Folha de S. Paulo
Frase de Trump evidenciou a diferença entre a lei e a regra
"Eu poderia ficar parado na Quinta Avenida, atirar em alguém e ainda assim não perderia um eleitor."
Essa frase recente de Donald Trump, perdida em meio à sua verborragia incivil, pode ser tomada como sinal forte da neobarbárie americana. Isso existe em larga escala e comprova-se em qualquer exame da cultura dos "rednecks" ou dos grupos de terrorismo interno. Mas a frase tem conotações que se irradiam para além dos EUA, quando se presta atenção às entranhas do neofascismo emergente em outras partes do mundo.
O teor cru e grosseiro da afirmação esconde
uma artimanha de sentido: ele não está dizendo que deixaria de ser preso ou
eventualmente condenado, e sim que nenhum de seus eleitores se incomodaria com
o crime.
De fato, num país de leis realmente
aplicáveis, como é o caso dos Estados Unidos, ninguém escapa às mãos lavadas do
arcabouço legal: ex-presidente ou não, ele seria arrastado aos tribunais. Ele
afirma, porém, que fora do escopo formal da República, mas ainda na prática
cotidiana da democracia, um assassinato aleatório daqueles seria assimilado por
seus seguidores.
Emerge assim um tópico da alta reflexão,
que é a diferença entre a lei e a regra. Lei é uma forma abstrata ou vazia, mas
independente de seus conteúdos, de sua letra, ela envolve e coage o cidadão. É
o que mostra "O
Processo", de Kafka: o protagonista, intimado e condenado por
um crime que desconhece, cai absurdamente na trama legal. No limite, é indiferente
conhecer ou desconhecer a lei, já que o imperativo é a obediência à forma.

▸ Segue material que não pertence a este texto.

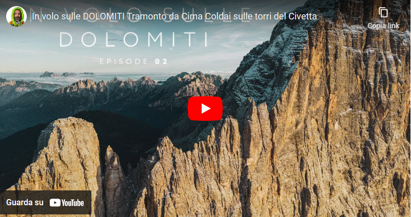 Tante volte sono salito su questa montagna, di conseguenza conosco abbastanza bene la sua geografia. Tuttavia quella volta in cui io e Giovanni abbiamo raggiunto la Cima Coldai al tramonto, ed abbiamo alzato il drone, mi sono stupito, affascinato ed emozionato nuovamente. Quella sera ho deciso di mandare in "missione" il drone, dirigendolo verso le torri, approfittandone della differenza di quota non troppo elevata tra noi e le loro sommità. Quando dopo un paio di minuti il drone le ha raggiunte è stato interessantissimo! Vista da quell'angolazione impossibile da ottenere se non volando, l'intera Nord-Ovest è diventata ancora più imponente e la sua cresta, contrastata dal freddo blu proveniente dall'altro versante ha creato un gioco di colori estremamente piacevole.

A regra, ao contrário, é familiar aos
parceiros do jogo social (como, aliás, em qualquer jogo) e sua eficácia depende
do reconhecimento comum. A lei proíbe matar, mas isso só funciona quando
corroborado pela regra comunitária.
A frase de Trump implica uma supressão da
regra em que se apoia na vida concreta o respeito aos princípios humanos.
Claro, isso pode estar nas leis, mas sua prática depende de uma educação, ao
mesmo tempo privada e pública, capaz de levar a um consenso positivo. A
afirmação de um ex-dirigente nacional é perturbadora porque pode ser
verdadeira: o fascismo, seja o antigo ou o emergente, traz no bojo a violação
continuada (legal, moral, humana) do comum.
Isso pode lançar alguma luz sobre o fato
obscuro de que, em outros países, personagens similares comunguem do espírito
daquela frase, isto é, da aderência psíquica e política à violência impune. A
arma e o gozo do assassinato constituem o móvel da busca de uma regra à margem
da lei.
Afinal, o sonho de todo e qualquer fascismo
é o crime perfeito.
*Sociólogo, professor emérito da UFRJ, autor, entre outras obras, de "A Sociedade Incivil" e "Pensar Nagô".